J’essaie de trouver des qualités à mes insomnies qui durent depuis plus de 3 semaines. Je me fais toutes les rediffusions de l’émission culte des 70’s Radioscopie by Jacques Chancel, tous les soirs sur France Inter ou encore l’émission C’est Extra ou encore d’ici ou d’ailleurs, c’est fun, on apprend plein de trucs…Mais hier, je me suis décidée à me lever et j’ai regardé une émission que j’avais enregistrée il y a bien longtemps : un documentaire sur Leni Riefenstahl et son film sur les JO de Berlin en 1936, nommé Olympia, sorti en 1938.
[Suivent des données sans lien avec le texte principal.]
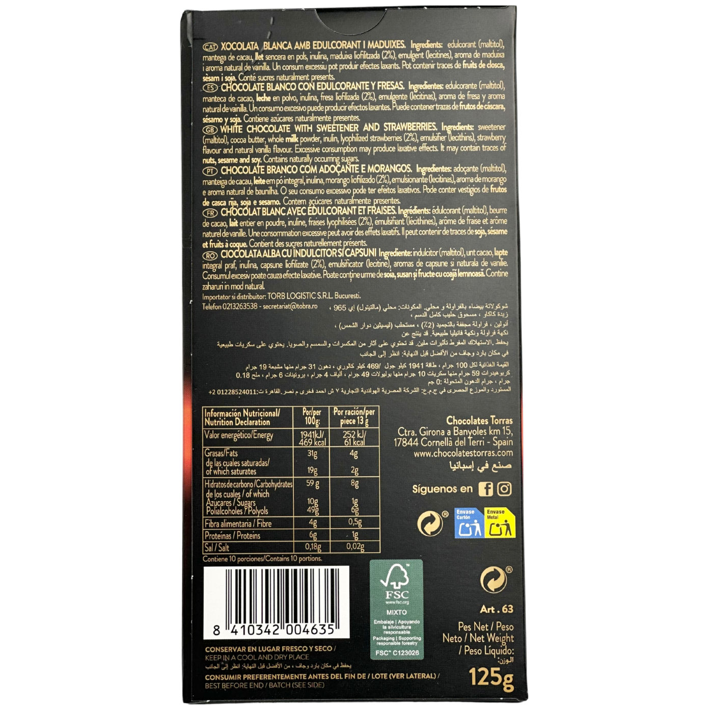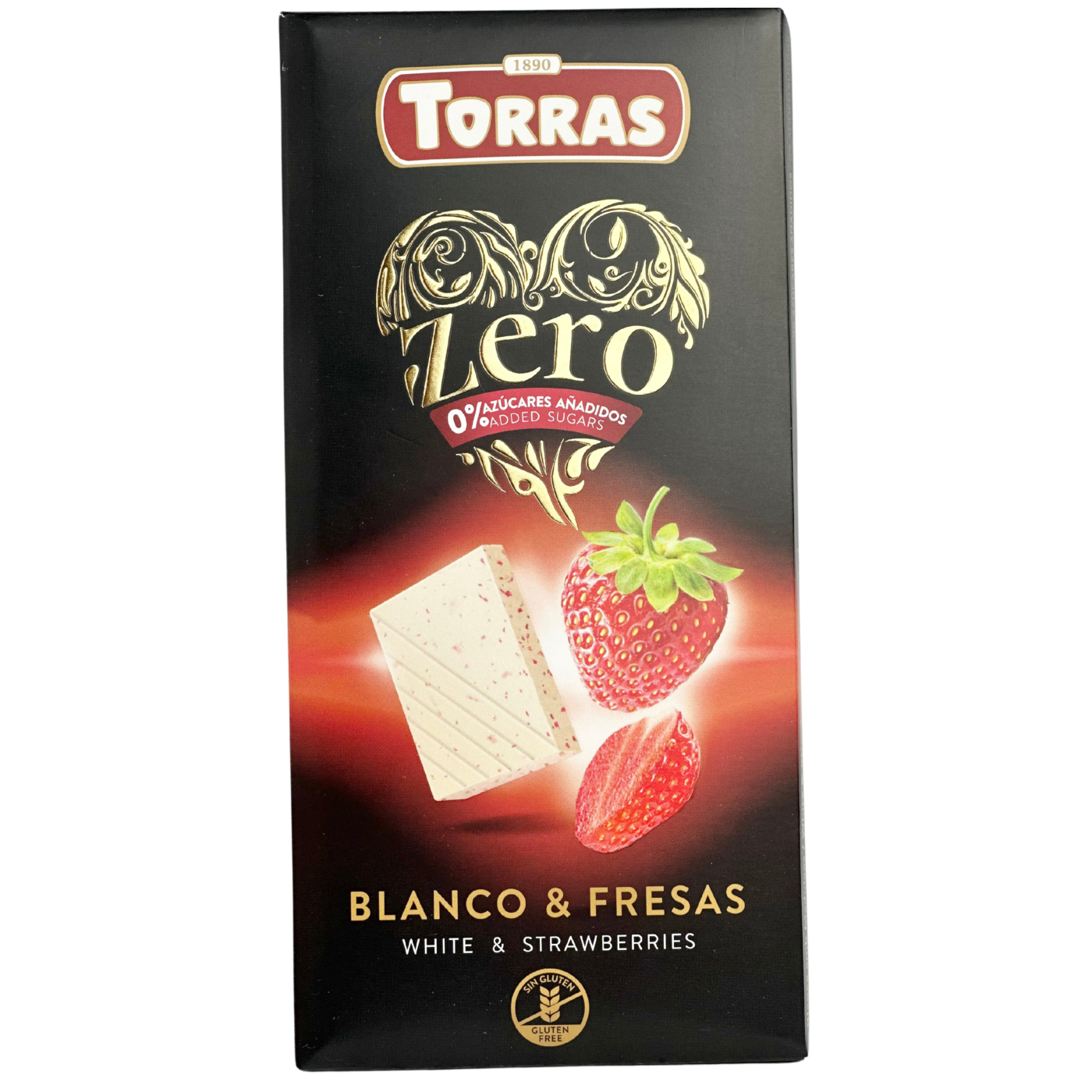 Для усіх любителів білого шоколаду Torras пропонує класичний білий шоколад з полуницею, яка додає особливого смаку. Продукт не містить цукор, замість звичного підсолоджувача у ньому міститься мальтіт, що дозволяє насолодитись солодким під час дієти.
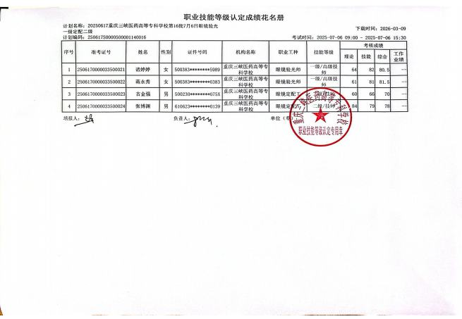 202500617重庆三峡医药高等专科学校2025年第16批7月6日眼镜验光一级定配二考试结束,现将考试成绩予以公示(详见附件)。
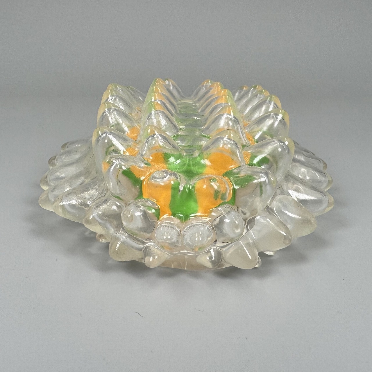 クリア素材で特徴的な粘液を表現し、本体は蓄光ソフビで表現。粘液部分と本体部分は分離した構造。
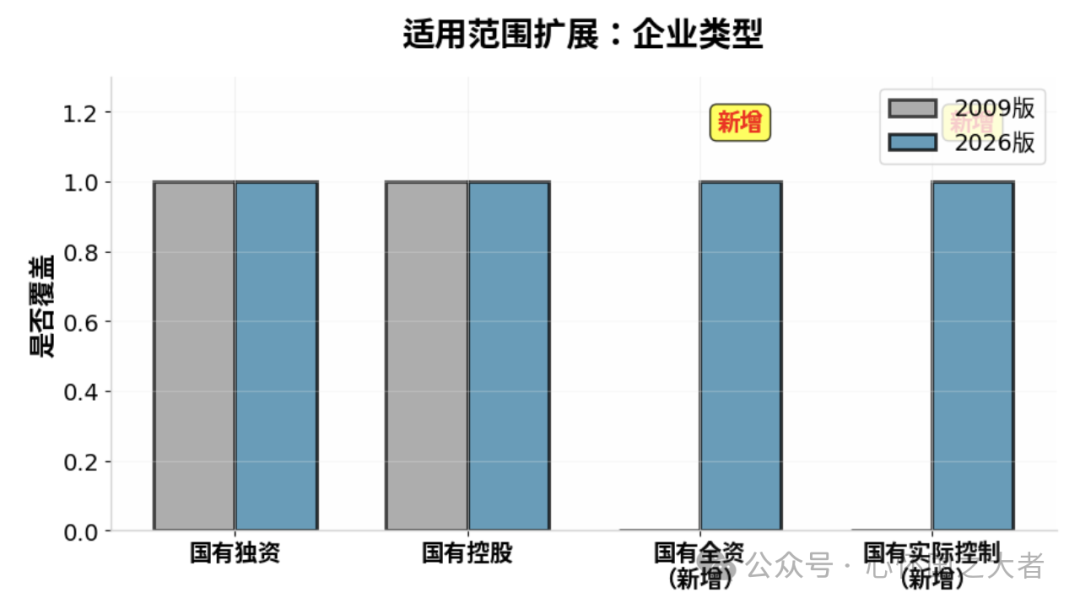 新《规定》在适用范围上做了重大调整,体现了“无死角、全覆盖”的监督理念。这一调整主要从“企业类型”和“人员类别”两个维度展开,确保制度的笼子扎得更密。
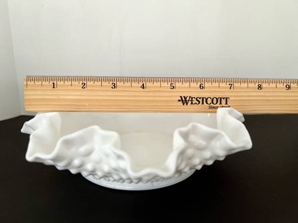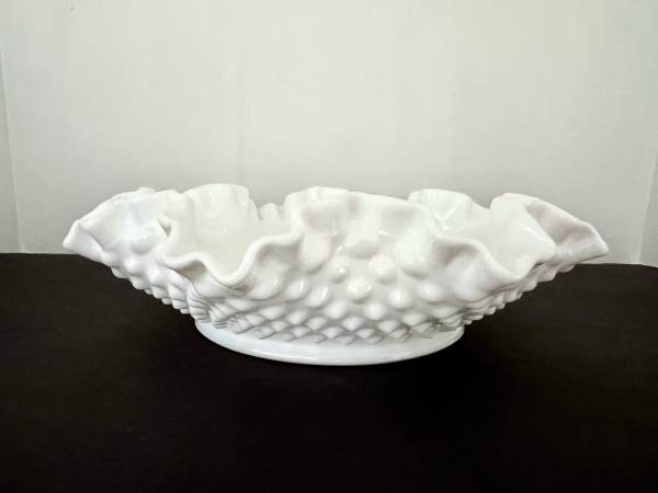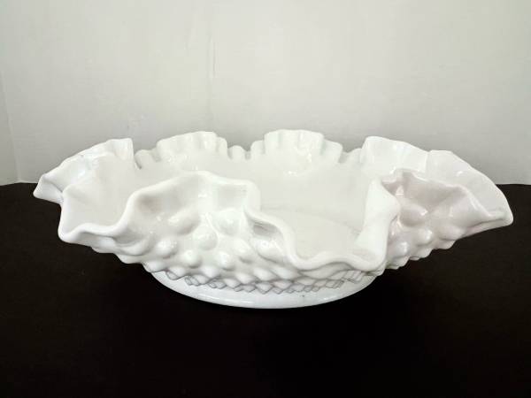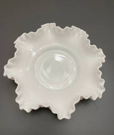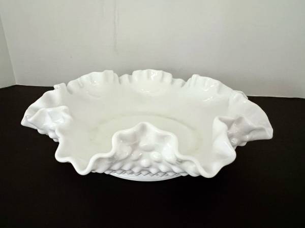 This is a classic Fenton milkglass bowl in excellent condition It’s older unmarked Fenton. This mid century bonbon design was produced by Fenton Art Glass from 1960 through 1981
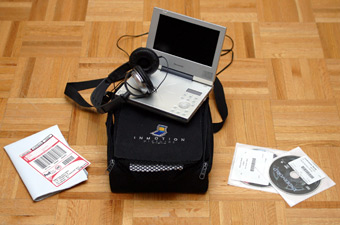 "Rent a DVD player for your flight, sir?" the attendant called -- the same thing, in fact, someone there yelled to me last year when I was running by at pretty much the same speed. I turned my head and replied with, "Well, I wish, but bet you dont have anything for Canadians, yet, do you?" Unlike last year, though, when the person replied, "Uh, well, no," the reply this year was different. "Yup" was all I needed to hear to stop me in my tracks. I walked back to the booth. "Are you sure?" I asked. "Because Im in a hurry and I can't mess around." He was certain, letting me know that they had worked out that previous hang-up for Canadians of not being able to properly ship the rental equipment back, and now we travelers from north of the border can have the same benefit of in-flight DVD movies as those south. "Well, if you can have me set in five minutes Ill take it," I declared, slapping my credit card and ID down. I had two goals with this transaction: I wanted to test just how good InMotion Pictures service was, particularly for an out-of-country consumer, and I needed to relieve the boredom of my two flights back home, which is precisely why this company offers this service in the first place.

Je ne vais pas vous parler en détail de ce documentaire passionnant, qui a eu un aspect assez technique concernant les façons de filmer, très modernes pour l’époque (comme l’exclu du tournage en caméra sous marine, en travelling), ni de la vie de Leni Riefenstahl, décédée à l’age de 101 ans. Mais juste quelques mots, pour resituer le film dans son contexte :

Leni est une des rares (seule) femme à être à la fois réalisatrice, monteuse, cadreuse, actrice dans les années 20-30. Elle a  monté sa propre entreprise cinématographique dès 1931 et commencera à se faire un véritable nom suite à deux films de propagande hitlérienne, inégalés jusqu’ici en 1933 et 1934 (portés sur les meeting politiques). C’est d’ailleurs avec le film de 1934, Le Triomphe de la Volonté, qu’elle remportera un Lion d’Or ainsi que le Grand Prix international lors de l’exposition universelle de Paris en 1937. Après plusieurs films, il lui sera demandé de filmer les Jeux Olympiques de 1936 qui ont lieu à Berlin. Commence alors un travail titanesque, jamais réalisé jusqu’ici, qui demandera 18 mois de montage. Le but est de filmer au plus près les athlètes, mettre en avant leur virilité, et ce, dans toutes les épreuves. Elle mettra en oeuvre des techniques novatrices et recevra une médaille d’or du comité international olympique en 1939. Ce film d’une durée de 4h (sous titré Les Dieux du Stade) et sorti en 1938, se voit coupé en 2 chapitres : Olympia 1, fête des peuples et Olympia 2, fête de la beauté .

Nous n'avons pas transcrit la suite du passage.